Sales – variable=contribution margin:

Unit sales price – $200

Unit variable – $120

Unit contribution margin – $80

Contribution margin for PDA Phone $499-$260=$239

C. Margin for PDA phone $200-$120=$80

Total sales – $1957000

Variable – $916000

Contribution margin – $1041000

Fixed cost – $500000

Net income – $541000

Total contribution Margin of PDA phone =$239X$3=$717

$80X$2 = $160

$717-$160= $557

Analysis

The organization of PID products will continue at the time net income is positive. Or else the organization of PID products should terminate at the time net income is negative.For the two years the invention has been in the marketplace only profit have been recorded.This is clear confirmation that the organization should think continuation of these two products. In view of the fact that there are many advantages generated from manufacture scheme for these two products.

Strategy

The strategy consists of the Prices, R&D Allocation %, and any product discontinuations for the X5, X6, and X7 PDAs for each of the four years: 2006, 2007, 2008, and 2009. The intensification of struggle the global markets and companies are looking for improved strategies of pricing and raising their products to realize a competitive edge. Suitable pricing and product development policy will get better the position of a company in the market by attracting new clients, retaining presented customers and creating customer faithfulness. “The Product Life Cycle (PLC) is based upon the biological life cycle. For example, a seed is planted (introduction); it begins to sprout (growth); it shoots out leaves and puts down roots as it becomes an adult (maturity); after a long period as an adult the plant begins to shrink and die out (decline)” (The product life cycle, 2010, para.1).

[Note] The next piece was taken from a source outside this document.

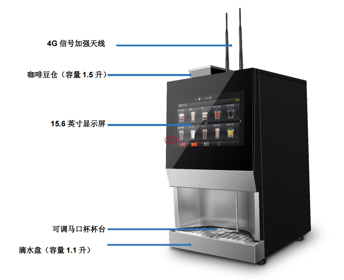 - 单品速溶饮料时间 20 秒 (120ml),支持连续出杯>60 杯/小时

In this case the report about analysis of three products manufactured by PDA Sim Company. There are pricing strategies adopted by the company and presentation of each product in the market has been analyzed. The PDA Sim introduced products are Handheld X5, Handheld X6 and Handheld X7. Products X5 come in the market for three years and customers are providing good respond. The maturity stage of this product of a product-life cycle and repeat customers tend to go above new customers. Product X6 was comes in the market for 2 years ago and is at the shakeout stage of the product-life cycle. These product customers are also new customers or repeat customers. Product X7 was introduced a year ago and is at the growth stage and customers for this product are new customers. There are product-life cycles of the three products shows all the three products have an increasing sales volume at the opening as this pattern declines, assume a raised land shape and later declines with time. In this case new customers are introduced products in the market other than repeat customers continues the product existing in the market.

Conclusion

In review of the analysis we can say that if any product has negative operating income should be stopped from the manufacture system because the costs acquired by the business be more than the produced revenues and if any product has positive operating income should be continued from the manufacture because the costs acquired by the business be less than the produced revenues.

Reference List

Chapter 3: Cost-volume-profit analysis. (2004). Web.

Lister, J. (2010). What is CVP analysis. Wise Geek.

The product life cycle. (2010). Marketing Teacher.Com. Web.